But inspite (sic) of that averment no attempt was made by plaintiffs’ counsel to amend the capacity of the parties until during his reply to the submissions of applicants’ counsel. It was too late in the day to make the application which was apparently intended to prejudice the applicants.”

He then said that the misjoinder was improper and went further to add that the suit was “incompetent for misjoinder of parties”.

I cannot help saying, with due respect, that the learned trial Judge was in error.

It is plain from the facts of this case that the 1st and 2nd appellants representing themselves and the Onicha Amairi Autonomous Community Council of Ndi Nze are challenging the Onicha Town Union in the manner they allegedly altered the constitution of the community and made it possible fur the 1st respondent to be given recognition as the Traditional Ruler of the community. Indeed, it is averred that the 1st and 2nd respondents manipulated the situation under the aegis of the Onicha Town Union against the wishes and interests of the Community Council of Ndi Nze which the 1st and 2nd appellants represent in this suit.

I think it is common sense that the 1st and 2nd appellants thereby excepted themselves from the interest being defended by the said Onicha Town Union. Parties can only sue or defend in a representative capacity in a suit in which they have the same or common interest respectively. The omission by the 1st and 2nd appellants to expressly except themselves in this suit from the Union by indicating this on the writ of summons and the statement of claim (if that was necessary) is a mere technicality which cannot be permitted to stand in the way of doing substantial justice: see Amadike v. Govermor State (1993) 2 NWLR (Pt. 275) 302 at 316. In my view, it is like pressing that if a member of a community or unregistered association in his personal capacity sues that community or association in its representative capacity, unless he specifically inserts on the writ of summons something to the effect that the defendant community or association excludes himself, his action is incompetent.

That will no doubt be tantamount to pressing a ridiculous point.
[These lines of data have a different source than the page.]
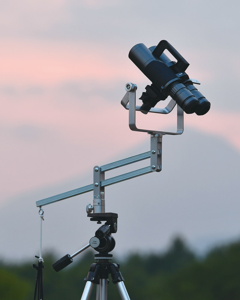 WX 10×50と7×50を同時に持って行くことは稀で、その日の観望対象と他の望遠鏡との組み合わせでどちらを持って行くか選択する。重量バランスが良いのでWX 7×50のときは手持ち観望が多いが、WX 10×50のときは、以前ネットで入手済のシーソー式の双眼鏡用架台を使う。この架台は、カウンターウェイトでバランスが取れるためフリーストップ状態で、手持ちに近い感覚で軽快に星空散歩を楽しめる。
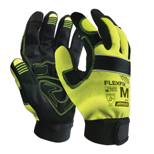 The Armour Flexi-Fit glove is made of a high-quality Synthetic Leather. A Hi Vis fabric on the back of the hand for great visibility and padded palm with an Anti-Vibration feature. The reinforced thumb crotch designed for extra durability, non-slip tips for firmer grip and a stretchable knuckle for better comfort provides all the features needed to fulfil your intended job requirements.
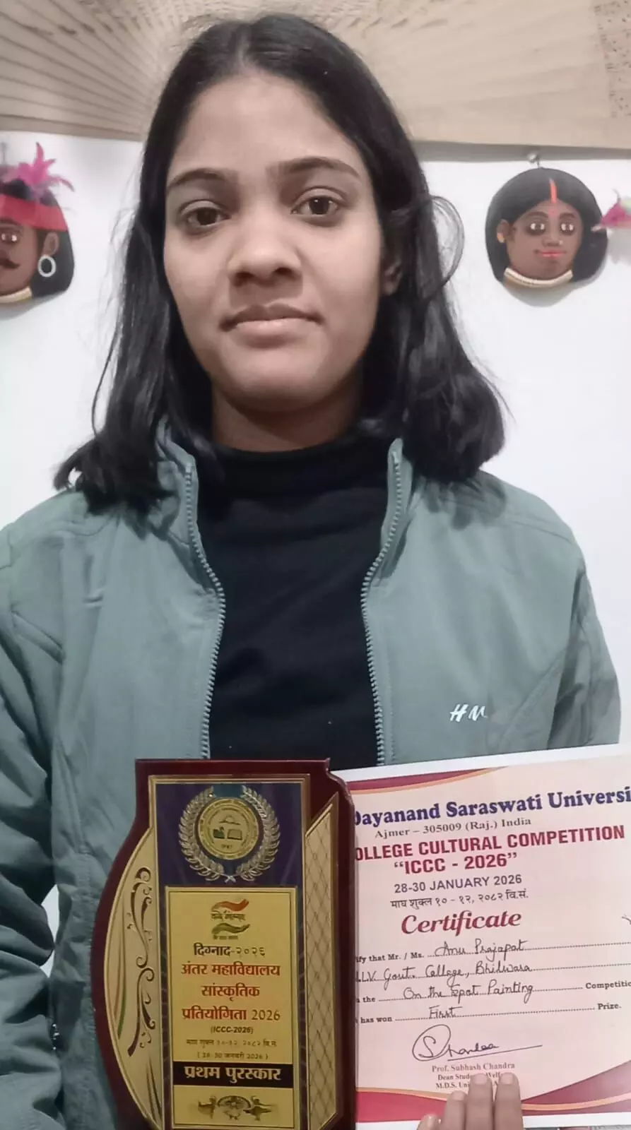 आकृति कला संस्थान भीलवाड़ा और एमएलवी गवर्नमेंट कॉलेज की छात्रा अन्नु प्रजापत ने इस प्रतियोगिता में महर्षि दयानन्द सरस्वती विश्वविद्यालय (MDSU), अजमेर का प्रतिनिधित्व किया। सीवीएम विश्वविद्यालय, आनंद (गुजरात) में आयोजित इस उत्सव में अन्नु ने "प्रकृति के बदलते स्वरूप" विषय पर अपनी तूलिका से शानदार पेंटिंग तैयार की, जिसे निर्णायकों ने बेहद सराहा।
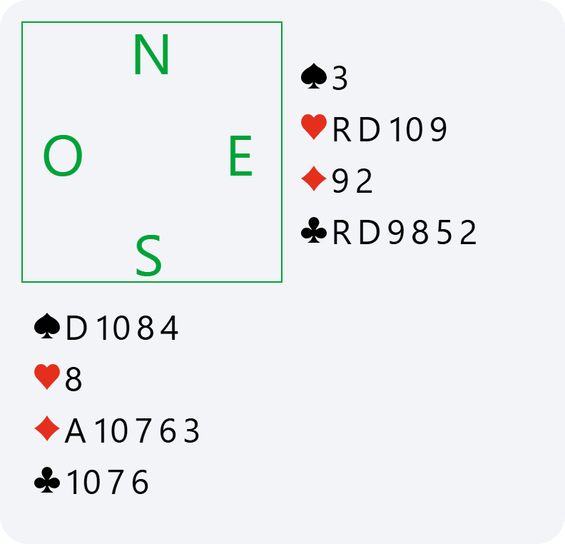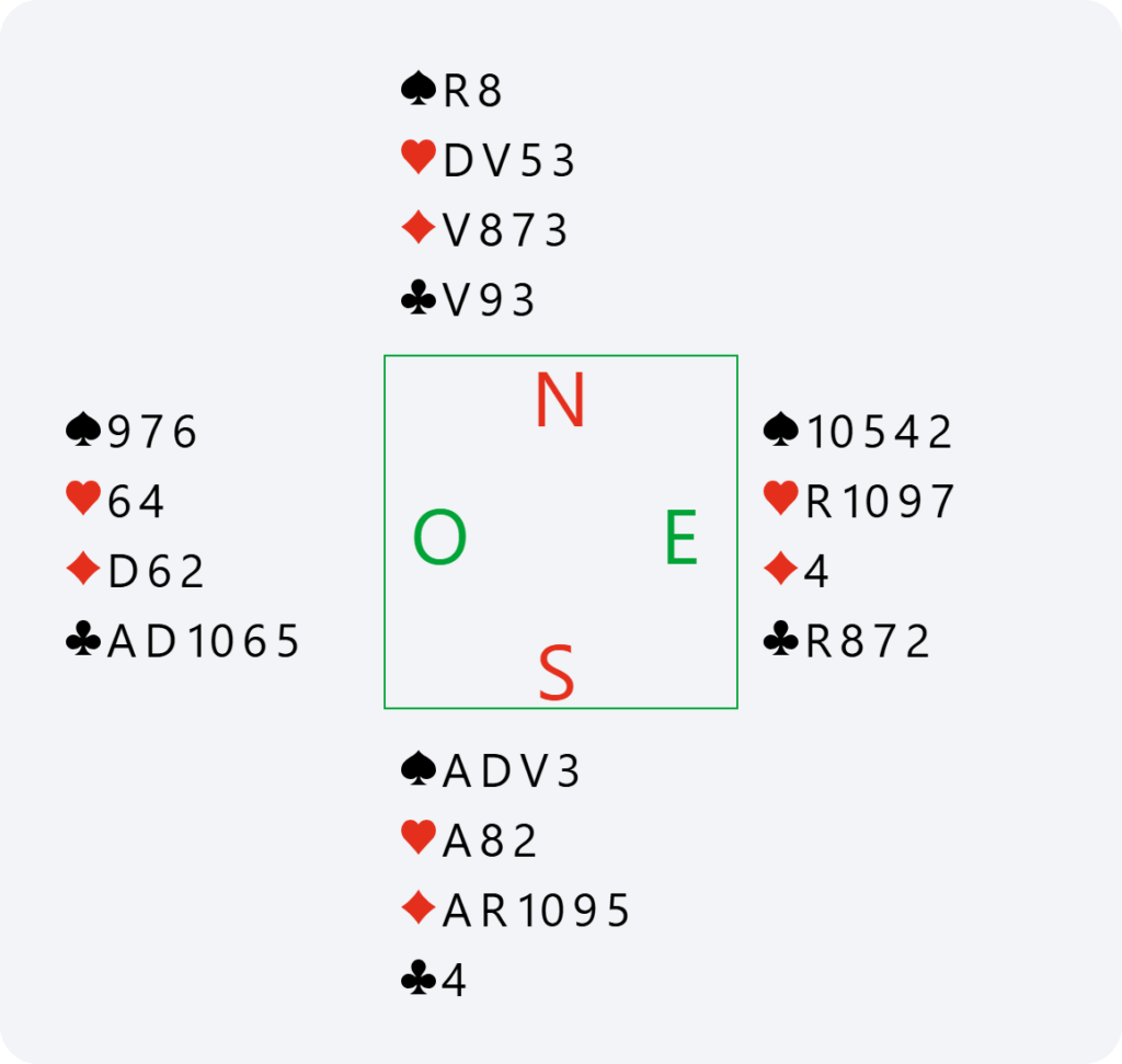 Je sais que le déclarant a As-Dame de Pique minimum et As-Dame de Trèfle probables. Maintenant il me faut savoir s’il a ses points à Cœur ou à Carreau. Le fait que ma partenaire ait rejoué Pique malgré mon appel de Smith me donne l’impression qu’elle n’a pas d’intérêt à plutôt miser sur les Cœurs.
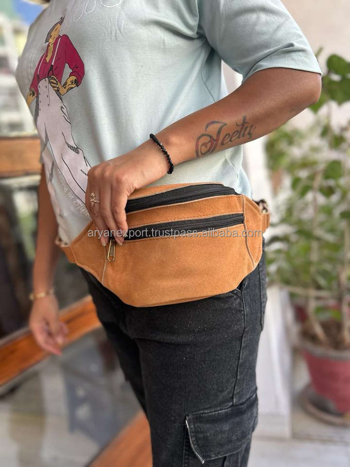 Nouveaux sacs de hanche de taille multi-poches en cuir suédé fait à la main avec sangle réglable sacs banane utilitaires en cuir unisexe élégants
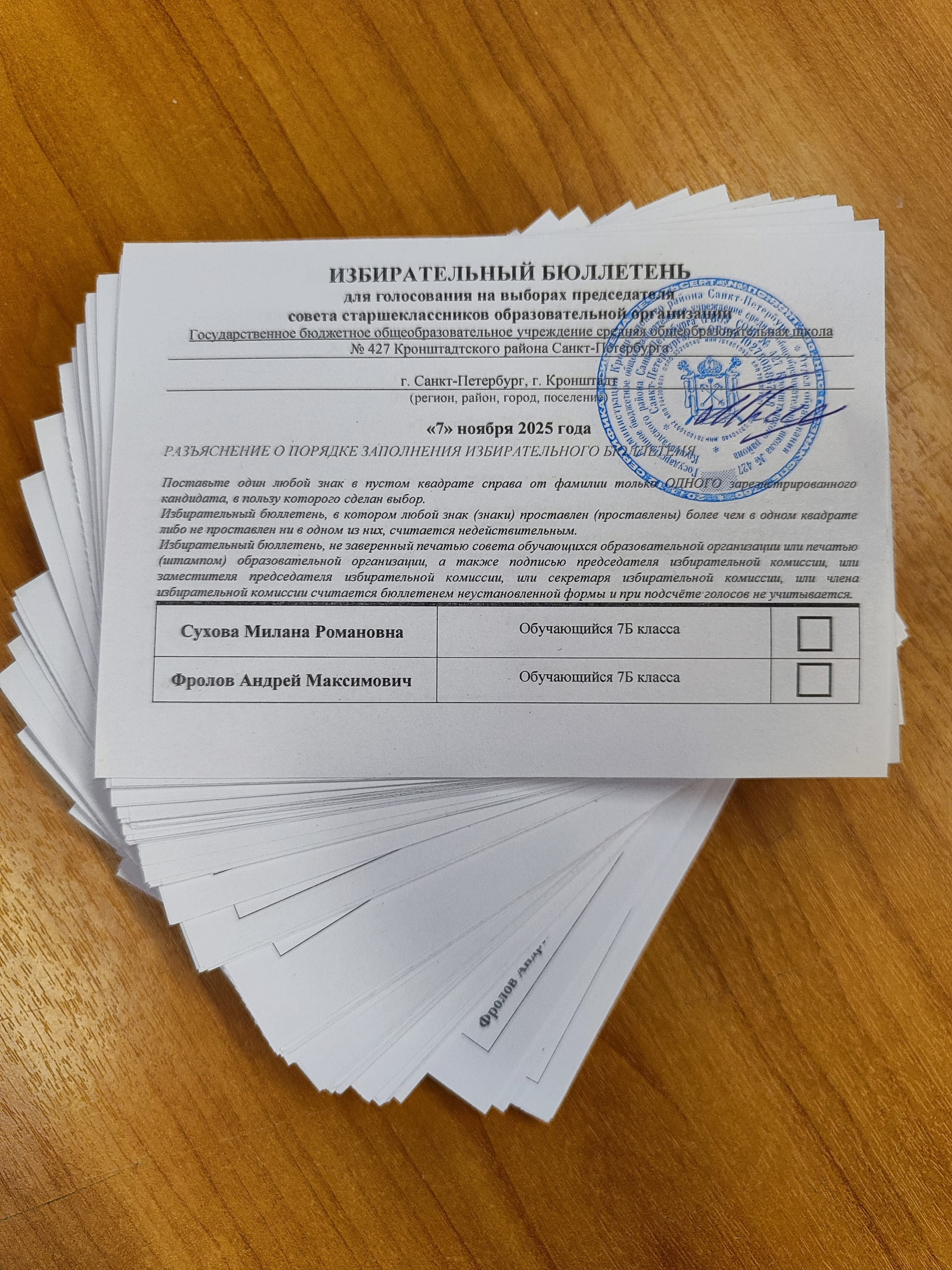 7 ноября 2025 г. в нашей школе прошли выборы председателя Совета старшеклассников.

I think it must be taken that when the real representative capacity in which an action brought in a personal capacity by a member or members of a community or association against that community or association is expected to be defended is reasonably clear or inferable in the absence of that member or members so expressly excepting themselves from the defendant community or association on the writ of summons, that omission (if it may be so described),can either be ignored by the court, or permitted to be amended at any stage should that be considered necessary. Hence, it is aptly said that the rule regarding representative proceedings is a rule or convenience which requires a flexible and broad approach and not treated as being a rigid matter of principle: see Anatogu v. Attorney-General of East Central State of Nigeria (1976) 10 N.S.C.C. 679 at 685-686; Obiode v. Orewere (1982) 12 N.S.C.C. 44 at 47.I am satisfied that the learned trial Judge did not justifiably strike out the appellants’ suit. I hold that this appeal has merit. It is accordingly allowed and the striking out order of 28 July, 1994 is set aside. It is ordered that the suit be relisted for hearing before another Judge and that the parties be at liberty to amend their processes as maybe considered necessary and proper. I award costs of N2,000.00 against each set of respondents in favour of the 1st and 2nd appellants.